Below are records with pictures. Transcribe exactly, and only, the lines from the line with "Chères familles, la" to the line with "Spartura de alune tigrate cu", both ends included, but not the pictures.

## Records supplied
▽

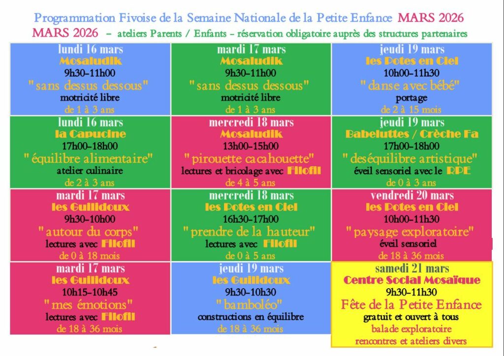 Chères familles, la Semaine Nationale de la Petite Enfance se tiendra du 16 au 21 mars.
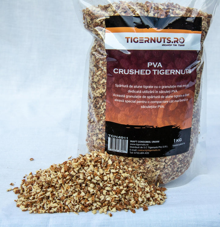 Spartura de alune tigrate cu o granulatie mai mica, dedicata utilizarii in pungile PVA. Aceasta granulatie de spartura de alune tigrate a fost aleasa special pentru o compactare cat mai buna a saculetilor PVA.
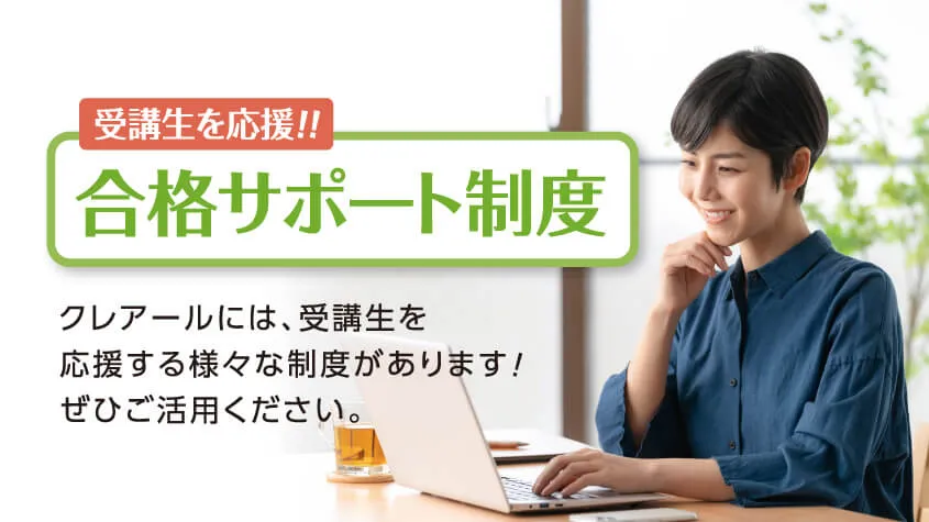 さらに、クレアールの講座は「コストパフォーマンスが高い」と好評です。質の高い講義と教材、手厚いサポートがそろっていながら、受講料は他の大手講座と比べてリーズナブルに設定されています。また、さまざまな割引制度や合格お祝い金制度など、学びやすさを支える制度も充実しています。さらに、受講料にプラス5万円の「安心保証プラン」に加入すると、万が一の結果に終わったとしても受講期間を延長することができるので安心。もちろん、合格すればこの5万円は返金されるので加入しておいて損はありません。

△
▽

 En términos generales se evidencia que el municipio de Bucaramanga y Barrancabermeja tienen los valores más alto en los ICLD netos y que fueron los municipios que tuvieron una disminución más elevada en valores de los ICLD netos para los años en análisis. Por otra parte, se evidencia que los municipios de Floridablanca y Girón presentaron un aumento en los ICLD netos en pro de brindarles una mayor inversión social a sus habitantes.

△

## Answer for the task
 Chères familles, la Semaine Nationale de la Petite Enfance se tiendra du 16 au 21 mars.
 Spartura de alune tigrate cu o granulatie mai mica, dedicata utilizarii in pungile PVA. Aceasta granulatie de spartura de alune tigrate a fost aleasa special pentru o compactare cat mai buna a saculetilor PVA.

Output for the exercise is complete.